Мне не хотелось ничего объяснять, и я сказал, что перезвоню позже.
— У тебя такой тон, словно ты стоишь под венцом в храме Парижской Богоматери.
— Так и есть.
— Я рад за тебя, — сказал Жора, — очень рад. И пока пишет твой карандаш, ты должен, не покладая рук, трудиться, трудиться…
Жора был весел, видимо, у него появилась уверенность в том, что дела наши сдвинуться с мертвой точки.
Наконец мы выспались и теперь просто молча лежали рядом, глядя в потолок.
— Ты — чудо!— прошептала Аня, приподнимаясь на локоть, — знаешь, я… Что это у тебя?
Она глазами указала на мою голень, где красовался тот злополучный шрам от пули, настигшей меня в Валетте.
— А, так… ерунда, — сказал я, — Мир хотел ухватить меня за лодыжку.

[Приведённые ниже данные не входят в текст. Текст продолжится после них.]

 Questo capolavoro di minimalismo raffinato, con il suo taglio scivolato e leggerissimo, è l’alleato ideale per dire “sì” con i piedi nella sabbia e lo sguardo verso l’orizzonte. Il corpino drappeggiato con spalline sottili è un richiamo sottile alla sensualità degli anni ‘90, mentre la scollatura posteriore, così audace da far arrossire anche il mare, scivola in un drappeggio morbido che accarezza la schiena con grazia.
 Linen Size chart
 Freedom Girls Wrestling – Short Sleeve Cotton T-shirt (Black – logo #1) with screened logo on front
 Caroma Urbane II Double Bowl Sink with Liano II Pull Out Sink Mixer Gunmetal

Чтобы коснуться пальцами ее лица, мне достаточно было протянуть лишь руку. Аня улыбнулась, затем снова устроилась со мной рядом, прижавшись всем телом. Я обнял ее…

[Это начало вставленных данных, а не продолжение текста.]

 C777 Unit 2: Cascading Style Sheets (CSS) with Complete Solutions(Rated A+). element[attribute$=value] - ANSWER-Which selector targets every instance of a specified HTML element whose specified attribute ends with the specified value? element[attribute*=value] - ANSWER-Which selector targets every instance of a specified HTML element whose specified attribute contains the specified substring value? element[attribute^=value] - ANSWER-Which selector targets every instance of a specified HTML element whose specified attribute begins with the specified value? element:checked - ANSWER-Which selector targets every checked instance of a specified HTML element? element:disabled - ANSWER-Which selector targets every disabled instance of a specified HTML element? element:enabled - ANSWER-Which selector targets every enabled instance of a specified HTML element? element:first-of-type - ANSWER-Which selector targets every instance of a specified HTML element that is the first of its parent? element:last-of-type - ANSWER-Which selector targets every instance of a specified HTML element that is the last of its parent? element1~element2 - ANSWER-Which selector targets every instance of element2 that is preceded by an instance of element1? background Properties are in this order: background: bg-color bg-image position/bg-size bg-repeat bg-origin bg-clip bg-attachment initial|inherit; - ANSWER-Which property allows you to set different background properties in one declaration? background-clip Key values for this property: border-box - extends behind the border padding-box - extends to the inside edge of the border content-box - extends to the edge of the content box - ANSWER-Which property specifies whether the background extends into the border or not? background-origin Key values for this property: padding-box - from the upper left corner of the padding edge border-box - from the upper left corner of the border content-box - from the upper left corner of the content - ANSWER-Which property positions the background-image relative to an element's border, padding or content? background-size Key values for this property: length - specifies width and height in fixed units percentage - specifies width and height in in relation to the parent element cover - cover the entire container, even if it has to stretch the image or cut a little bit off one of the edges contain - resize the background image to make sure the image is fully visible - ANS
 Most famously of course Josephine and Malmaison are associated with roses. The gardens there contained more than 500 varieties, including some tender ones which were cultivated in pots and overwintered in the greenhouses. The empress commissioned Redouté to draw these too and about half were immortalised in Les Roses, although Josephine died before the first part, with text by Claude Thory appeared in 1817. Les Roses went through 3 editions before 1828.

— Это было, как если бы ты построил свою Пирамиду?— спросила она.
— Что?
Я думал, она спросила о шраме, но тут же сообразил, что спрашивала она о прошедшей ночи.
— Как будто бы я на нее взошел, — поспешил я с ответом.
Аня закрыла глаза и вдруг, улыбаясь, взяла обеими руками край одеяла и укрылась с головой. А я встал, и теперь уже думая о том, что сказал Жора, направился в ванную.
— Этот Жора твой — разрушитель, — донеслось из-под одеяла.
— Да, — согласился я, — в этом ему нельзя отказать.
И вот что мне еще тогда пришло в голову: общение с Аней доставляло мне истинное наслаждение.
Юле я так и не позвонил. А Тининого телефона у меня никогда не было. Да и откуда ему здесь взяться?..
Стоп-стоп… А это что такое?..
Нет, не стихи бы, а лицо
Твоё — распахнутым — прости мне;
Пускай гуляет голосок
Здесь рядом, в Петербурге, Тиннин,
Пускай качнутся флюгера
И пальцев медленные танцы…
Давай вернёмся во вчера!
‟Пойдём, пойдёмте же кататься!”.
— В Петербурге? — спрашивает Лена.
|
|
«Вернёмся во вчера»? — думаю я. Вот же, вот же мы и вернулись!
— Откуда здесь, в Питере, её голосок? — спрашивает Лена.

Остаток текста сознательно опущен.